Diesem Trend zum Extremen muss ich natürlich auch folgen und beschließe eine Runde Golf zu spielen. Nun gilt das Golfen nicht allen als ausgesprochener Extremsport, manchen noch nicht einmal als Sport, sondern bestenfalls als langatmiger Zeitvertreib der Wohlhabenden. Wer so denkt, hat allerdings noch nie in Kiwiland gegolft und bestimmt nicht in Takaka, einer Hippiesiedlung am Ufer des tasmanischen Meeres.

Als ich am Sonntagnachmittag auf dem Golfareal erscheine, sammelt eine Gruppe dieser Hippies -würdevoll ergraut – gerade am letzten Loch ihre Bälle ein. Mein Glück, denn so kann ich die fünfzehn Dollar Platzgebühr entrichten, die Leihschläger samt Transportkarre sind inklusive. Paul, der ehrenamtliche Platzwart schreibt meinen Namen in die dicke Vereinskladde: „Nur für den Fall dass Du dieses Jahr nochmal spielen willst, dann wirst du besser Mitglied im Golfclub, das kostet fünfundzwanzig im Jahr.“ Großzügig füllt er Golfbälle in meine Golftasche, „Der Wind und das Meer..“ murmelt er dabei, „Na, Du wirst es schon merken“.

Ich frage ob es denn lokale Regeln zu beachten gilt. „Nicht viele“, brummt Paul, „wenn Du ein Schaf triffst, darfst Du den Schlag wiederholen. Aber das ist eigentlich nur wichtig wenn die Tiere dickes Fell haben, da bleiben die Bälle drin hängen. Im Moment sind sie frisch geschoren, dann prallen sie gut ab. Wenn der Ball im Schafdung landet, darfst Du ihn versetzen, aber das ist nur wichtig wenn Du mit anderen spielst.
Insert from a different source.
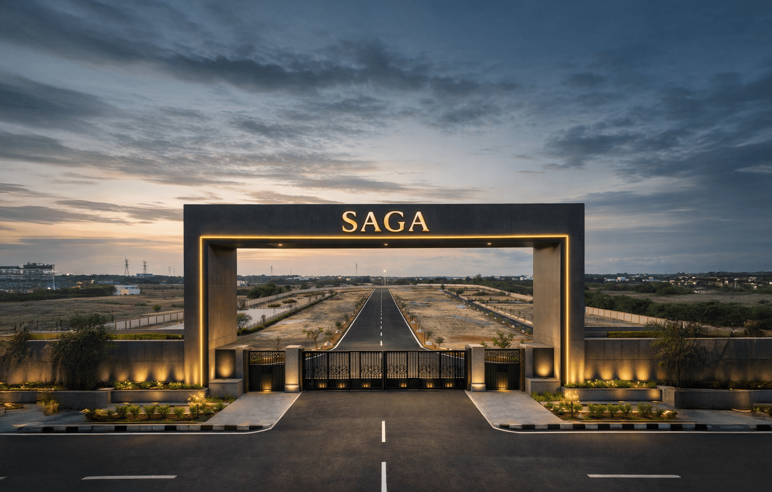 SAGA is a well-planned gated community featuring landscaped green zones, a central green hub, children’s play area, premium blacktop roads, street lighting, assured water supply, storm-water drainage, and 24/7 safety infrastructure.

Wirklich wichtig ist, das Du den Strom am Elektrozaun abschaltest bevor Du mit dem Schläger drankommst“. In der Tat ist jedes Grün rund um das Loch mit einem kleinen Weidezaun versehen, der dazu dient die vierbeinigen Gärtner aus diesem sensiblen Bereich fernzuhalten.

Frohgemut und unter interessierten Blicken ziehe ich zum Abschlag an Loch Eins. Der Druck von zwölf Augenpaaren in meinem Nacken ist offensichtlich hilfreich, denn wider Erwarten gelingt mir ein prächtiger Abschlag und der Ball fliegt in hohem Bogen genau in Richtung Fahne. Allerdings war der Bogen ein klein wenig zu hoch, so dass mein Ball erst hinter dem Ziel in einem Sandbunker zur Ruhe kommt, der geschickt aus den Dünen geformt ist.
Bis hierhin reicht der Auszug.